Your mother taught you to say please and thank you. Yet too many leaders ask the wrong people to do the wrong things in the wrong way and then reward the wrong behaviors and outcomes. Not you. Not any more. Instead, start paving the way for others to succeed by putting foundational systems in place, assembling the right resources, saying please to the right people with clear charters, getting out of their way and then thanking them with the right balance of consequences.

Rex Conner has distilled parts of training and development guru Robert Mager’s thinking into a his book What if Common Sense was Common Practice in Business? In it he proposes approaches to training, developing and managing, five foundational systems and three core ideas:

1. The need for clear and objective language and approach (that all interpret the same) instead of fuzzy and subjective language and approach (open to different interpretations)

2. A “Skill, Will, Hill” approach to leadership. Skill – Ability and confidence. Will – Right balance of consequences. Hill – Remove obstacles.

3. Consistent people methodology across attracting, training, engaging, retaining, evaluating and promoting.

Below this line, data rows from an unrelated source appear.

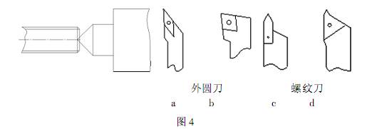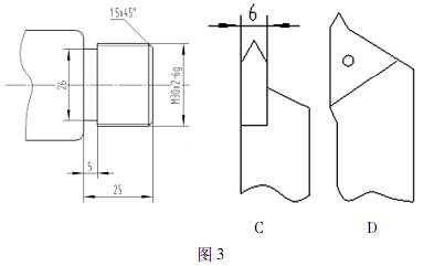 如圖3 用 C 這樣的一把螺紋刀進行切削加工,在編寫程序時 G92X29. 1 Z - 23 F2 中的 Z - 23 是沒有考慮到所使用的刀具,Z 值應該小于且減去螺紋刀尖寬度的一半,z 值小于25 - 3 即小于22,在實際編寫中考慮 Z 向對刀誤差等因素,這個程序應改為 G92 X29. 1 Z -21. 5 F2 ,就可以加工了 如果用的是 D 這樣螺紋刀具在,z 值可以用原來的程序進行加工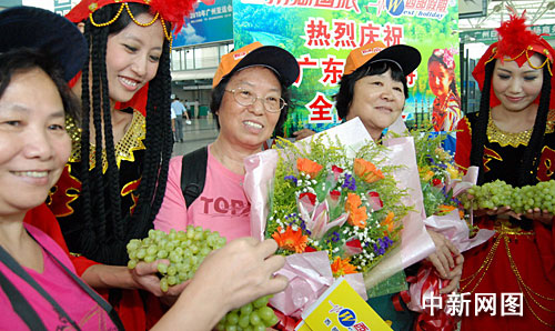 中新網(wǎng)廣州7月31日電 (莫非 林月明)在廣州白云機(jī)場(chǎng)出發(fā)廳,身著漂亮維族服飾的姑娘熱情地將繽紛美麗的鮮花送給游客,盛情邀約廣東游客赴美麗的新疆旅游。這是自“7·5”事件后,廣東首批赴新疆旅游的游客上航班前經(jīng)歷的一幕,意味著暫時(shí)停滯了近一個(gè)月的廣東新疆游市場(chǎng),終于全面恢復(fù)正常。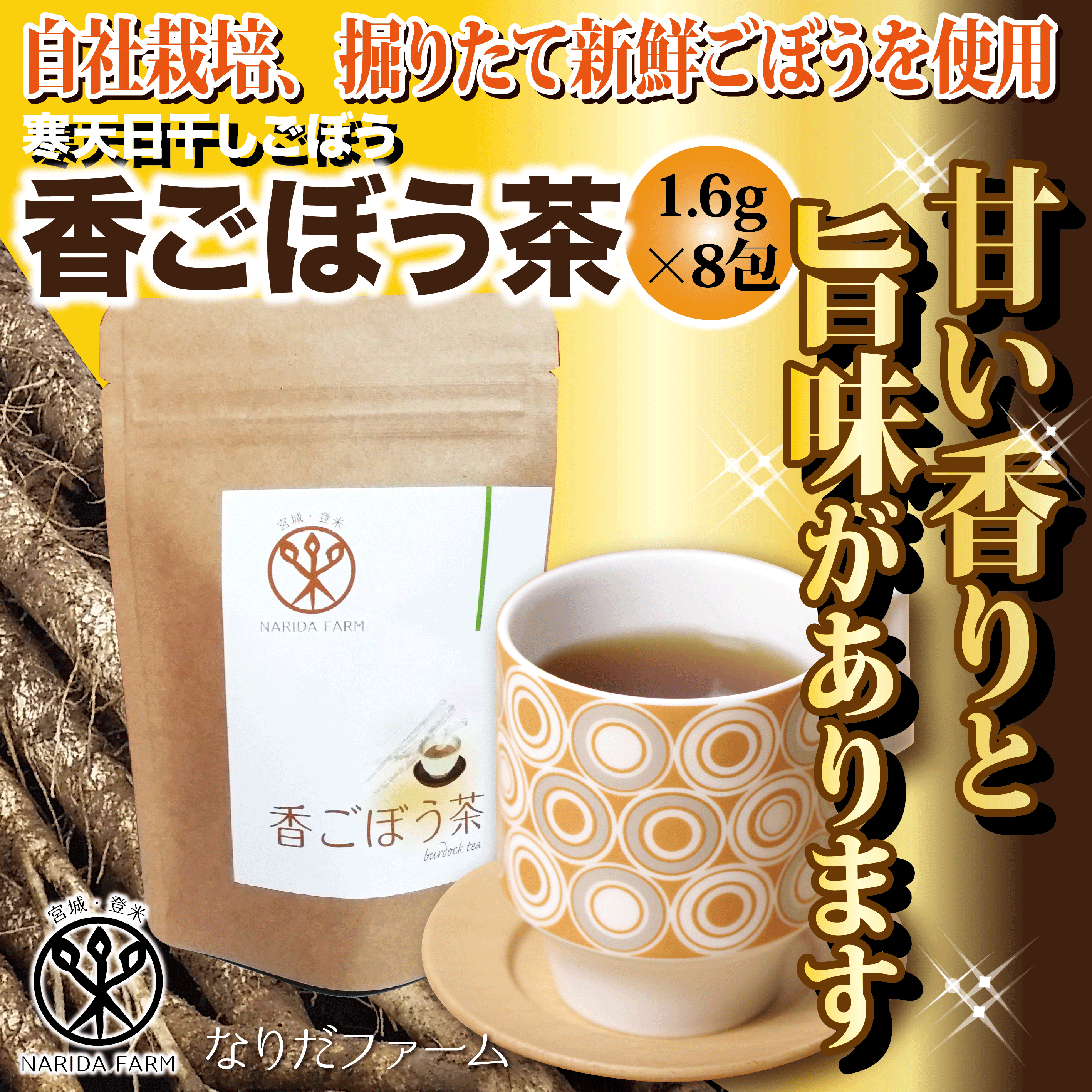 こだわりの自社産ごぼうを原料とした手造りごぼう茶です。掘りたての新鮮なごぼうを丁寧に水洗いし、皮ごとスライスしたごぼうを天日干し乾燥・寒ざらしで香りと旨味が凝縮されたごぼうに作り上げました。香り、旨味を引き出す独自製法で作られた「香ごぼう茶」。数量限定品です。みやぎの環境にやさしい農産物認証ごぼう。

Those ideas can be further distilled into please and thank you leadership: paving the way, saying please, getting out of the way and saying thank you.

(Pave The Way)

Set others up for success by getting your foundational systems and resources in place and preparing a charter.

Foundational systems as described by Conner include 1) your “income” system, following the money: purchasing – contracting – billing – payment, 2) information systems, 3) decision-making, 4) work processes and 5) people performance. These provide the foundation for success on your request.

Get the human, financial and operational resources in place others will need to succeed.

Have a charter ready that lays out objectives and goals, context, resources, guidelines, accountability and consequences. (Make those objectives and goals SMARTER: Specific, Measurable, Achievable, Realistic, Time-Bound, Encouraging/Exciting, Rewarded.)

Please

Having paved the way, you’re ready to ask the right people in the right way.

The right people have the strengths required to get the work done, the motivation to do it well and fit with the rest of the organization. As Gallup explains, strengths are a combination of innate talent, learned knowledge and practiced skills. Motivation is about happiness and a combination of doing good for others, things they are good at and doing good for themselves. Fit is about how they work with those they need to work with on the task.

Asking these people the right way is about chartering them. At a bare minimum, heed Conner’s advice and use clear and objective language that all will interpret the same way, avoiding fuzzy and subjective language open to different interpretations. Ideally, give them the full project charter you’ve prepared.

(Between Please And Thank You)

Having chartered others, stay out of their way. Of course you’re going to provide support – when they ask. Of course you’re going to remove obstacles. But let them do the job you asked them to do and resist the urge to distract them in your desire to “help”.

Thank You

Say thank you by providing positive consequences to desired behaviors and outcomes (and no negative consequences) and say no thank you by providing negative consequences to undesired behaviors and outcomes (and no positive consequences).

• Best case: Reward good and punish bad.

• Common slippages. Lack of reward for good or lack of punishment for bad.

• Counter productive: Punish good or reward bad.

We’ve all seen the unappreciated success or the people that “get away” with poor results, being late, treating others badly. We’ve seen people ostracized for speaking their minds or even given bonuses or raises after missing objectives.

These hurt all involved by discouraging the good and encouraging the bad and destroy leaders’ credibility for the next time around.

It’s too bad common sense isn’t common. Please start using it. Thank you.